CHAPITRE XIV
Février 1696, Académie de Magie Beauxbâtons...
Réconciliés, Achille et Hector ne se lâchaient plus, et désormais, Hector se montrait plus protecteur que jamais. Il supportait même la présence de Julius et de Gontran à leur table, pour les avoir à l'œil bien entendu. Ces derniers furent d'ailleurs très utiles pour obtenir des informations sur l'état d'avancement des autres champions.
Dans toutes les coursives de Beauxbâtons, des espions couraient, des adversaires se battaient et les tensions s'exacerbaient au fur et à mesure que se rapprochait la seconde tâche. Celle-ci n'avait pas encore été dévoilée, et les maigres indices qu'avaient reçus les champions ne les avaient mené nulle part. Pour toute indication, chacun des trois concurrent s'était vu remettre une bûche cramoisie et un tout petit morceau de tissu triangulaire. Les théories les plus farfelues avaient germées dans bien des esprits sans que personne ne trouve quoi que ce soit. Et c'est au souper, par un froid soir de Février, qu'elle fût annoncée.

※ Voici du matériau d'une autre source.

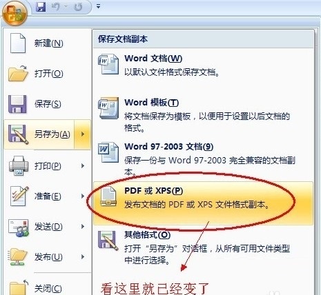 安装成功后,你重启一下你的word,你再次点击word最左上角office图标下拉菜单,另存为,你就发现跟刚才不一样了。如下图所示,点击就可以直接保存转换了。

Dans la salle du Grand Couvert, où il régnait une agitation et un raffut tout à fait ordinaire, le professeur Major frappa son verre en cristal avec sa baguette lorsque se présenta une accalmie. Il se leva, fit le tour de la table des professeurs pour ne pas disparaître derrière et se mit face à ses élèves. Tout le monde s'était tût. Les chandelles s'éteignirent soudain, et dans chacune des cheminées de la pièce, une bûche cramoisi, identique que celles délivrées aux champions, prit feu. Le professeur Major avait un grand sourire aux lèvres et le regard posé dans l'une des cheminée. Tour à tour, les têtes se tournèrent vers les foyers et un spectacle assez étrange commença alors. Dans les flammes, dansaient de minuscules êtres, coiffés de petits bonnets triangulaires en tissu. Ils dansaient en se tenant la main, passant d'une cheminée à l'autre, comme si elles étaient toutes reliées. Les êtres de flammes tournaient de plus en plus vite, emmenant petit à petit des élèves dans leur danse endiablée. Bientôt, toute une table fut vidée, ses occupants entraînés dans l'infernal tourbillon. Une chanson s'éleva soudain dans l'air, résonnant de plus en plus fort.

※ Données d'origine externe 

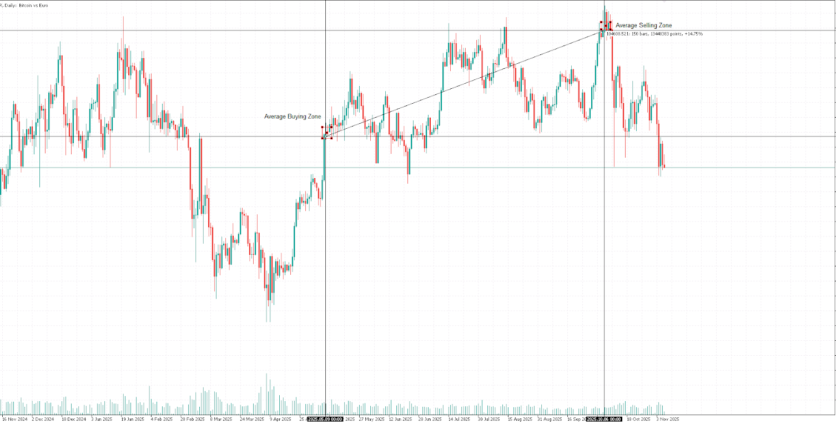 Meet our experienced crypto trader, turning market volatility into opportunity. From May to October 2025, BTCEUR had a 14.5% upside move, significantly evaluating the client’s capital, all while keeping exposure under control.

Danse, danse, petit humain,
Viens, viens, donne nous tes mains !
Apprends à connaître ce refrain,
Si tu danse tout ira bien !
Nous, nous, sommes les plus malins,
Alors, alors, ne t'arrête point !
Si tu tiens jusqu'au p'tit matin,
Nous, ne te dévorerons point !
Un rire aigu éclata, et les danseurs enflammés disparurent. Les chandelles se rallumèrent et les élèves entraînés dans la ronde sortirent des cheminées, regagnant leurs places tant bien que mal.

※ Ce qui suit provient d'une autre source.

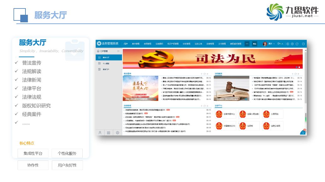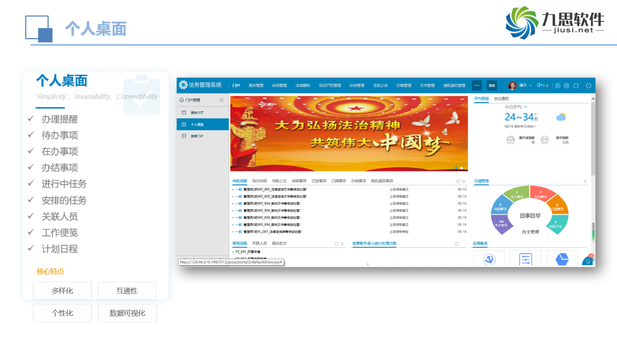 九思法務管理系統,通過流程實現案件的全生命周期管理,提供案件管理、糾紛管理、法律顧問、文書管理、授權委托管理等業務功能,定制專屬法務門戶,構建法務共享服務中心,通過對糾紛案件的實時、動態追蹤,對法律風險事件實現閉環管理,有效提升法務工作效率。

- Que tout le monde se lève, et me suive, lança le professeur Major en descendant de l'estrade des professeurs.
Les élèves, se levèrent, se mirent en rangs par classe puis toute la salle du Grand Couvert s'ébranla, suivant le directeur. Le cortège quitta le château pour gagner le parc. Il faisait nuit noire dehors, les étoiles parsemaient le ciel et la lune brillait par son absence. De la buée sortait de la bouche des élèves et le gel crissait sous leurs bottes trempant le bas de leurs capes. Grelottants, mais excités, ils se dirigèrent vers un immense brasier, dressé au cœur du parc et entouré par les mêmes gradins que pour la joute, mais disposés en cercle. Tous les élèves y prirent place, très vite réchauffés par l'imposant feu de bois autour duquel dansaient déjà les petits êtres, de chair et d'os cette fois. Le corps professoral et les jurys s'installèrent à leurs places et bientôt, il ne resta devant le feu que les trois champions. Le commentateur de la joute se leva, et pointa sa baguette sur sa gorge.
- Vox sonori, dit-il à voix basse.
Sa voix se mêlait à la musique comme si elle allait de pair avec elle. Il parlait doucement cette fois, si bien que certains élèves, hypnotisés par la danse et les flammes n'entendirent même pas les consignes.
- La seconde épreuve de laquelle vous devrez triompher est une épreuve de danse avec des Korrigans. Vous devrez dansez avec eux toute la nuit, faute de quoi ils seraient en droit de vous dévorer un bras, ou une jambe. Vous ne devrez pas montrer la moindre fatigue, la moindre faiblesse, avant que ne pointe l'aube. Sinon... Il laissa sa voix s'éteindre et fit signe aux trois champions de se retourner vers la ronde des Korrigans. Ils s'étaient tous arrêtés, laissant trois espaces pour que les champions se joignent à eux. Quand ils furent tenus par les mains, une douce musique venue de nulle part résonna et ils commencèrent à tourner.